***** Supplied data *****
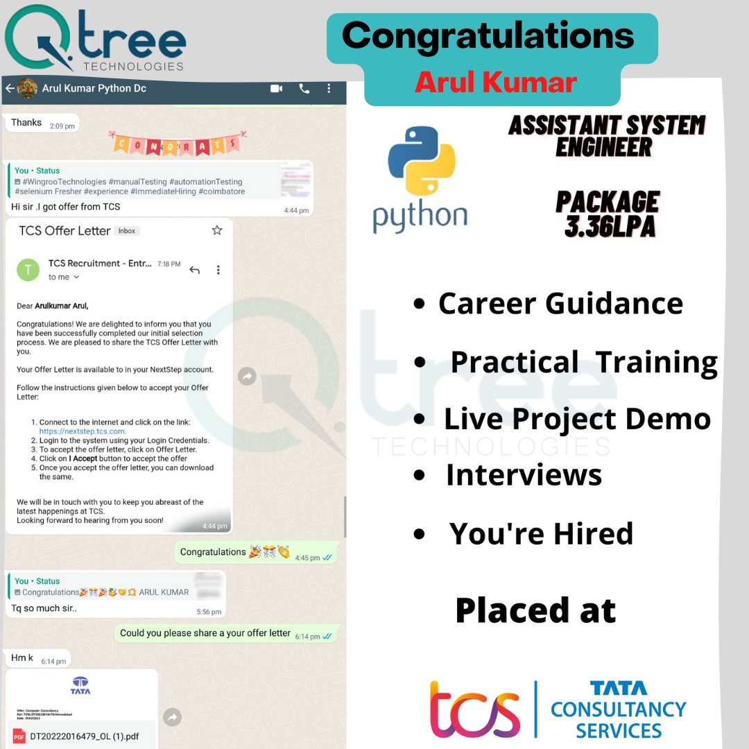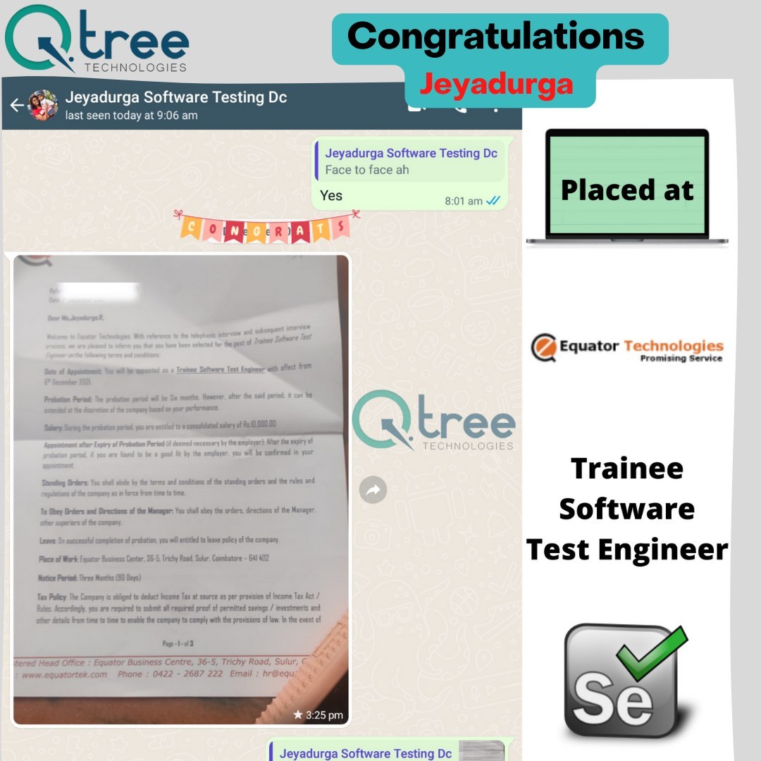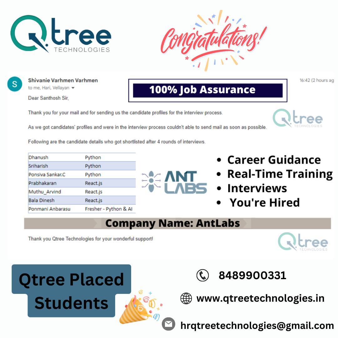 Joining at one of the best Placement training institutes in Coimbatore, such as Qtree Technologies, students can avail numerous benefits of getting placed in one of the top IT sectors.
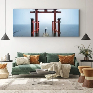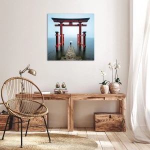 - Dit sfeervolle schilderij toont een toriipoort met uitzicht op een rustig, in mist gehuld meer. Een ideale keuze voor wie waarde hecht aan zen en harmonie in interieurdesign.
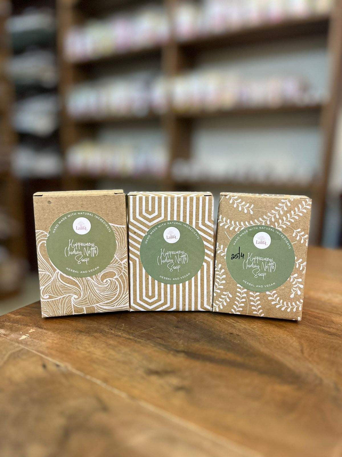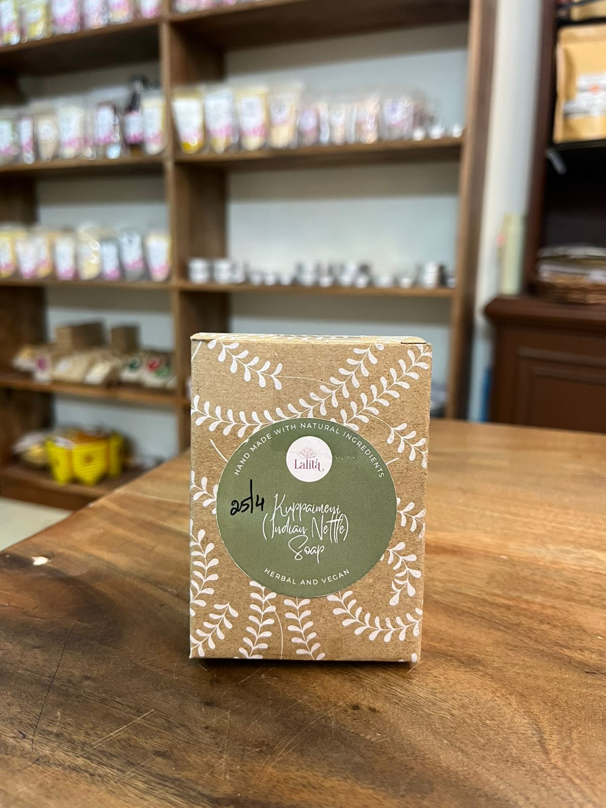The goodness of our Kuppameni/Indian Nettle - in a convenient easy to use soap form. Made with the goodness of multani mitti, Kuppameni powder, natural oils , plant based butters and pure essential oils. None of the harsh chemicals, fragrances and preservatives used in standard soaps. The soaps are vegan, cold processed and done in small batches.
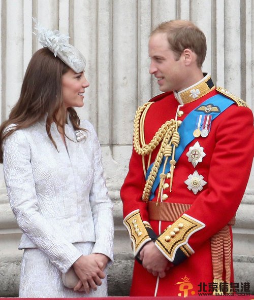 凯特王妃威廉王子对视甜蜜 英国皇室齐齐亮相白金汉宫,庆祝伊丽莎白女王二世的第八十八岁生日,凯特王妃与威廉王子相视微笑甜蜜,并不时与哈里王子说笑。
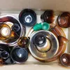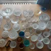 A large collection of pressed glass items, mainly candle tea light holders, varying colour ways, to include knife rests and other pressed glass Condition, some wear and rim nibbles a large % of the l
*****
▶ **Task goal**:
Write out an exact copy of the listing, first line through the line containing "- Dit sfeervolle", with the pictures left out.

▶ **Response**:
 Joining at one of the best Placement training institutes in Coimbatore, such as Qtree Technologies, students can avail numerous benefits of getting placed in one of the top IT sectors.
 - Dit sfeervolle schilderij toont een toriipoort met uitzicht op een rustig, in mist gehuld meer. Een ideale keuze voor wie waarde hecht aan zen en harmonie in interieurdesign.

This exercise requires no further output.